The Center for Health Applications of Aerospace Related Technologies (CHAART) staff were available to consult with investigators on a variety of scientific issues affecting the successful application of remote sensing (RS) and geographic information systems (GIS) technologies for landscape epidemiology. In addition to scientific support, CHAART offered investigators technical consultation on data acquisition, image processing and analysis, database development, field support, and spatial statistics and modeling.

For centuries, humans have been attempting to understand the relationships between their health and the environment. Recently, the increasing rate of environmental change has dramatically altered the patterns of human health at the community, regional, and global scales. The re-emergence of many age-old afflictions, including malaria and yellow fever, as well as the emergence of diseases, such as Lyme disease and hantavirus, illustrate the impact that natural and human-induced environmental change can have on the map of human health.

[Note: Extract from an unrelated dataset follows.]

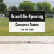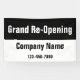 Une bannière permet à tout le monde de savoir que votre entreprise a rouvert. Le texte blanc en haut indique "Grand Re-Ouverture". Le texte blanc est sur une bande noire. Une bande blanche en bas contient du texte noir pour le nom commercial et le numéro de téléphone.

In recognition of these important trends, health organizations have called for the development and implementation of new disease surveillance tools.

Many of the parameters associated with environmental change and patterns of disease can be sensed remotely by instruments onboard aircraft and satellites, and modeled spatially with specialized computer software. RS and GIS technologies can be used to describe local and landscape-level features that influence the patterns and prevalence of disease and then model their occurrence in space and time.

In recognition of the call for disease surveillance tools, NASA initiated its Global Monitoring and Human Health (GMHH) program in 1985; CHAART grew out of this program and was funded through 2004.

The CHAART staff had expertise in a wide range of unique aerospace-related technologies, including remote sensing, GIS, global positioning systems (GPS), and computer modeling and their application to human health-related issues. The purpose of CHAART was to make this expertise and these tools available to advance research, applications, and education within the health community.